A new training center opened to ensure Ohio’s manufacturing future.
Author: Jeff Reidel
Published: 9:56 AM EDT October 9, 2022
MENTOR, Ohio — The first Friday of October is National Manufacturing Day.
This year, there was a ribbon cut for the Transformation Training Center in Mentor.
It features high-tech learning facilities for members, local schools, and the community. AWT, or the Alliance for Working Together Foundation, is the organization behind the project. But the new center isn’t the only way they are exposing people to manufacturing.
The hits at the 12th annual Robobots competition are making an impact in more ways than one. Dozens of teams from area high schools have spent months building battle robots for their three minutes in the ring until only one robot is left standing.
“So, it is a way to introduce high school students to manufacturing through building a 15-pound robot. And we pair them up with a manufacturing company”, said Teresa Simons, the Executive Director of Alliance for Working Together. AWT puts on the competition.
The battle bot, Buttercup, built by Mentor High School, took the top spot.
“It was just an incredible journey,” remarked Alec Byrum, the faculty adviser, for the Mentor High School team. “We took sheets of cardboard, we are cutting out different shapes to work with, and to see it go from that to 3D printed to final design and then to finally win it has been amazing.”
With this excitement, the Alliance for Working Together hopes to have students looking at careers in manufacturing. Currently, the industry is growing, while the number of skilled labor workers is shrinking.
According to the 2022 Marcum Nation Manufacturing Survey, 83% of companies say attracting and retaining trained workers is their greatest challenge.
“We need to normalize manufacturing careers,” said Simons. “And really, in the long run, to not go into debt over going to school and actually go into a career that you can make a good living at.”
To normalize those career choices, AWT holds summer camps for 5th and 6th graders.

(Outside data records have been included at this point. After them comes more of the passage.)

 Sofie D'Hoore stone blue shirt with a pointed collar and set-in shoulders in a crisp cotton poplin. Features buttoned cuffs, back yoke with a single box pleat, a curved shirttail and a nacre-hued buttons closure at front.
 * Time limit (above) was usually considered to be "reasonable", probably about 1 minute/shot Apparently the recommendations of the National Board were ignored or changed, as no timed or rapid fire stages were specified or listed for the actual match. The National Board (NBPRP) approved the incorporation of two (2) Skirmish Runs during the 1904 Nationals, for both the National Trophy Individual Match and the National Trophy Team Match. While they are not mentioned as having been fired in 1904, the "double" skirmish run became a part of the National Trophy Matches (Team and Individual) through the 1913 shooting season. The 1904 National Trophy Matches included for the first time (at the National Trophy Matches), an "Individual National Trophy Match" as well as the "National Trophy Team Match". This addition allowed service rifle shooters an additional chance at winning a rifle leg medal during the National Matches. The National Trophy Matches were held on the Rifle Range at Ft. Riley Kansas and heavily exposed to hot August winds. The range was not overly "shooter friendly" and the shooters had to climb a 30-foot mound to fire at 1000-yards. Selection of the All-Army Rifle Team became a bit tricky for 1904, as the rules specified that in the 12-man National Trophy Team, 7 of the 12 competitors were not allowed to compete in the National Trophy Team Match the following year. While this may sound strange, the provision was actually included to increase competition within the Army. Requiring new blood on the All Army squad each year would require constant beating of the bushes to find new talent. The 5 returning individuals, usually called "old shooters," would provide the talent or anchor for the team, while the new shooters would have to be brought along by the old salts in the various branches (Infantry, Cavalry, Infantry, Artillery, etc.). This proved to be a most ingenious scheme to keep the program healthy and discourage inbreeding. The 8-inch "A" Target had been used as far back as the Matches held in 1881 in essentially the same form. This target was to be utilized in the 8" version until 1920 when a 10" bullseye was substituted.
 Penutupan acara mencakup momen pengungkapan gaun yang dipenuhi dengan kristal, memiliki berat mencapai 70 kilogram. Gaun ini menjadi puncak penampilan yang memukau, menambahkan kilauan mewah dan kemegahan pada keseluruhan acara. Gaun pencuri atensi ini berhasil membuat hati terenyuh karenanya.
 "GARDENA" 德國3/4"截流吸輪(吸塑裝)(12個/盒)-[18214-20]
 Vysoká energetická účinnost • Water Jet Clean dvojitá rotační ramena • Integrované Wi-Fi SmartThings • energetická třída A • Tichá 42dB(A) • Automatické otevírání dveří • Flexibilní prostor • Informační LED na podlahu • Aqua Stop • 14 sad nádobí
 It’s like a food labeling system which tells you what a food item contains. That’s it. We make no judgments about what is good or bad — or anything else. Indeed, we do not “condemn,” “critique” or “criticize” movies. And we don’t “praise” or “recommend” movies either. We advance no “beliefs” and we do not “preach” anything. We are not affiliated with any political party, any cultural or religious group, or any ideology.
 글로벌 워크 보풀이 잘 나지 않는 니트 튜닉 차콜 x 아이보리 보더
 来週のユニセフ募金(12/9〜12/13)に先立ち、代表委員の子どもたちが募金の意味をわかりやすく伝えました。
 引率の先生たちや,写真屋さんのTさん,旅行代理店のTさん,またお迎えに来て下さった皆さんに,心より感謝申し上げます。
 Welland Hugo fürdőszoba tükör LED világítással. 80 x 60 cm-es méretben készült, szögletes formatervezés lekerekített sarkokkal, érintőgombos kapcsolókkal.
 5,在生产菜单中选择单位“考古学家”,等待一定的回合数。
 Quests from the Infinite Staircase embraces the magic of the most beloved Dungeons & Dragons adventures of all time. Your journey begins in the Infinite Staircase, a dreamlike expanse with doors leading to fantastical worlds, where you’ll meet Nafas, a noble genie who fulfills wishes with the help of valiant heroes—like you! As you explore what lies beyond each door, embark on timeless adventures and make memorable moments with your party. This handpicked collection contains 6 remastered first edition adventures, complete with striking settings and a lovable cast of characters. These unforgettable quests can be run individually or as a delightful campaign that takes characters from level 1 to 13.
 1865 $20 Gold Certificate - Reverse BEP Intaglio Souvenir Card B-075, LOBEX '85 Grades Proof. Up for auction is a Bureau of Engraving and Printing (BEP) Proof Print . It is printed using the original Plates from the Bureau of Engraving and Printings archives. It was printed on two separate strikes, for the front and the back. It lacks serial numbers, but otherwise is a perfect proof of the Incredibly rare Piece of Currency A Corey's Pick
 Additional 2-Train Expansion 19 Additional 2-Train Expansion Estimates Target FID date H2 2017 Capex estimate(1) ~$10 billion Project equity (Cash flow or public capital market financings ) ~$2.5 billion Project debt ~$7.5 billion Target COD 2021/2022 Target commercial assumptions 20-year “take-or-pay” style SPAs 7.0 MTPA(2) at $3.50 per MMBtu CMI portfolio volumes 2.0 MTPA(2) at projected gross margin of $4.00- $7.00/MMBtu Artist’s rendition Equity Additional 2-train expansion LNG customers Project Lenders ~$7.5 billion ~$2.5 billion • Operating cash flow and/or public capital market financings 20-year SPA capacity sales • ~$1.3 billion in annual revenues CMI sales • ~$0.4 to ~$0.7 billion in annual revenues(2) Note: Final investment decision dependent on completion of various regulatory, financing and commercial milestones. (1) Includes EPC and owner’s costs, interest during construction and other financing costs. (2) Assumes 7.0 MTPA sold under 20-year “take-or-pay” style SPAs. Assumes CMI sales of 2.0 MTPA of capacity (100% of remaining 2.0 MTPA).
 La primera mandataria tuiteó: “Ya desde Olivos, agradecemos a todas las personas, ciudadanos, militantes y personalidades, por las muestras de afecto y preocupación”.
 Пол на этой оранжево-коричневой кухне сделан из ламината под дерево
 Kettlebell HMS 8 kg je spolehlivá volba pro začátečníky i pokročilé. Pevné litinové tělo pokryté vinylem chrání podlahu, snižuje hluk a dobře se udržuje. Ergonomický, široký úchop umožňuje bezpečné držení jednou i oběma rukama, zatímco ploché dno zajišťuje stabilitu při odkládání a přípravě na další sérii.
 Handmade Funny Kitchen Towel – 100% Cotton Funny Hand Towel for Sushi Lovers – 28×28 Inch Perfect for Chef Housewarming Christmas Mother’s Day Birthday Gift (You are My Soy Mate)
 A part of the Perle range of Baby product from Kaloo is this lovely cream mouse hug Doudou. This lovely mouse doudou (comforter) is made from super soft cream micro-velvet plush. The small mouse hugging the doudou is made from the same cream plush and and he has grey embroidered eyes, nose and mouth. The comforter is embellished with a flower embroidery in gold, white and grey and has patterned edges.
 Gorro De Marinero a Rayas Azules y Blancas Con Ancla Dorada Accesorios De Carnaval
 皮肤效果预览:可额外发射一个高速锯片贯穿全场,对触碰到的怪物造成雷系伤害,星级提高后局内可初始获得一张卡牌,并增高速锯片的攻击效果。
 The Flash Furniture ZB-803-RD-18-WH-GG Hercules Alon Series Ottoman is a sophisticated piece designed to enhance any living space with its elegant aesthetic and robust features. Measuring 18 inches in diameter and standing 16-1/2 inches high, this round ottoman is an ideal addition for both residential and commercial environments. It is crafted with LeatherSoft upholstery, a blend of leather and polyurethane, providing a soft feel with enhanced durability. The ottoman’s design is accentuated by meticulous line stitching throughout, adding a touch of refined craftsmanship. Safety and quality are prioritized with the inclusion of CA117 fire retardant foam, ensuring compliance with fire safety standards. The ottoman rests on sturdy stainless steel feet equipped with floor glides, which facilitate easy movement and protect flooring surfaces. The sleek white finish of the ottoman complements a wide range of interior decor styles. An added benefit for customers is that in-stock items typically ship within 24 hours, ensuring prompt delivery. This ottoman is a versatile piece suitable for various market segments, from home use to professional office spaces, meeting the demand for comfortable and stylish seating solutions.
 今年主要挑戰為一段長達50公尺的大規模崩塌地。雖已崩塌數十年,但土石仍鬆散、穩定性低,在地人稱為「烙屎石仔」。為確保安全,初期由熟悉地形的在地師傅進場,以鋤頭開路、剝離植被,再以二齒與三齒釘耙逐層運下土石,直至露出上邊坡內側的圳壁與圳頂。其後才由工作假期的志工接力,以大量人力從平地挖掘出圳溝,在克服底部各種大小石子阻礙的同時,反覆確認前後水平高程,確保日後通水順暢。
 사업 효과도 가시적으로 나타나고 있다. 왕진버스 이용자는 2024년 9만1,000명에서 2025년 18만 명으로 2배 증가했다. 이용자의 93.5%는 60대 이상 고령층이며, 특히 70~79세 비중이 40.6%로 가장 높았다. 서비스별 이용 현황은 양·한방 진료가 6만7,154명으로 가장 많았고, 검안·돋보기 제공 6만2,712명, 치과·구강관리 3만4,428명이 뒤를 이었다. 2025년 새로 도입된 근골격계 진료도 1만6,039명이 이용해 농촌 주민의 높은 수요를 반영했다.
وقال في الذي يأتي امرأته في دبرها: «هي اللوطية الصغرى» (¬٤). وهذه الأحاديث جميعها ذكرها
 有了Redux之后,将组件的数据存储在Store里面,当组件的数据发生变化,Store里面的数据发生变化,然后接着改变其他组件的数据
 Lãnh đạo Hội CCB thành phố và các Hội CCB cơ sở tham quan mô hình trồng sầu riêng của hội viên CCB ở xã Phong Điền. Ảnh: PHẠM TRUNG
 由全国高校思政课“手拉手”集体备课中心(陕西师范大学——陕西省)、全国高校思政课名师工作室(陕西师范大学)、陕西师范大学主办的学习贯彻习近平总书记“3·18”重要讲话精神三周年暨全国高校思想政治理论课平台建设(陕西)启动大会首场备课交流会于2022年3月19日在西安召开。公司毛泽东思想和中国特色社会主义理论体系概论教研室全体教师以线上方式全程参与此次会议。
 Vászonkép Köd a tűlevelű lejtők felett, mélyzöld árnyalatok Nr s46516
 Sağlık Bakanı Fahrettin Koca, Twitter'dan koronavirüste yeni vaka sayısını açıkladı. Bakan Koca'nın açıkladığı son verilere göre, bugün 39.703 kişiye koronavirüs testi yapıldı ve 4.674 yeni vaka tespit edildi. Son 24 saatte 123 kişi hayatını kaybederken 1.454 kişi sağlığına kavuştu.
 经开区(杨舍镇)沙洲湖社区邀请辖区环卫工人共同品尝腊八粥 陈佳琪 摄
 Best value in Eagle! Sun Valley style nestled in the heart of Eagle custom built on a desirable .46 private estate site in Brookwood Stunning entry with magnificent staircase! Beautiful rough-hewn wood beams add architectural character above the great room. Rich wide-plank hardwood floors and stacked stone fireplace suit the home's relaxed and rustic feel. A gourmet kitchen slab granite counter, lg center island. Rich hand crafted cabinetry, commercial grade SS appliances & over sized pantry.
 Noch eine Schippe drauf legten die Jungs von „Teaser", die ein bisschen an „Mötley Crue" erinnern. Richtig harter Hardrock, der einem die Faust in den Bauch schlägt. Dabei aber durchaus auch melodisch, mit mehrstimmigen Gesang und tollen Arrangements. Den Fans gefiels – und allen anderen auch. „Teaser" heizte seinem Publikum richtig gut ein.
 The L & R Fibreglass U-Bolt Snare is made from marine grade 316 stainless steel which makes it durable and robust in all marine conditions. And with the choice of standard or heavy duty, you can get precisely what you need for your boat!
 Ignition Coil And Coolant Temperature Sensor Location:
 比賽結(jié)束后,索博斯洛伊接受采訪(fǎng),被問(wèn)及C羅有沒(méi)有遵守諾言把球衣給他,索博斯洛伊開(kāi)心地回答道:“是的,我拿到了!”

The students do hands-on projects, learn STEM concepts and tour area companies.
“We want to introduce it to them at a young age,” said Rachel Metcalf, AWT’s Educational Director. “They like to work with their hands, and they go into these manufacturers and see how high-tech and clean they are.”
For middle schoolers, there is the Juriorbots competition, where smaller robots enter the battle ring. Wickliffe Middle School is undefeated in the competition.
“Definity amazing to win. I put a lot of work, we all put a lot of work into the robot, so it feels amazing to win,” said 7th grader Ryan Stevenson-Powell.
Now AWT’s latest project is the Transformation Training Center. Two years in the making, the center was funded by national, state, and foundation grants, also local company donations. The goal of the center in Mentor is to combat the local skill gap.
“What we saw was the need for additional training. And we have an apprenticeship program that will be housed in this facility. It will give us the ability to train additional people coming out of different industries,” stated Simons.
The center is a workforce development hub, with different labs, and the home of Mentor, Wickliffe and Euclid school’s tech programs.
“I can’t believe it, it is just hard to believe,” said the founder of AWT, Roger Sustar.
Sustar hopes the center will ensure a future for local manufacturing.
“We can have kids trained, and we can make manufacturing like it used to be. Do you remember was like the number one city in the world? We were the largest community that made things. Hopefully, someday, we will come back to that and that will be my dream come true,” said Sustar.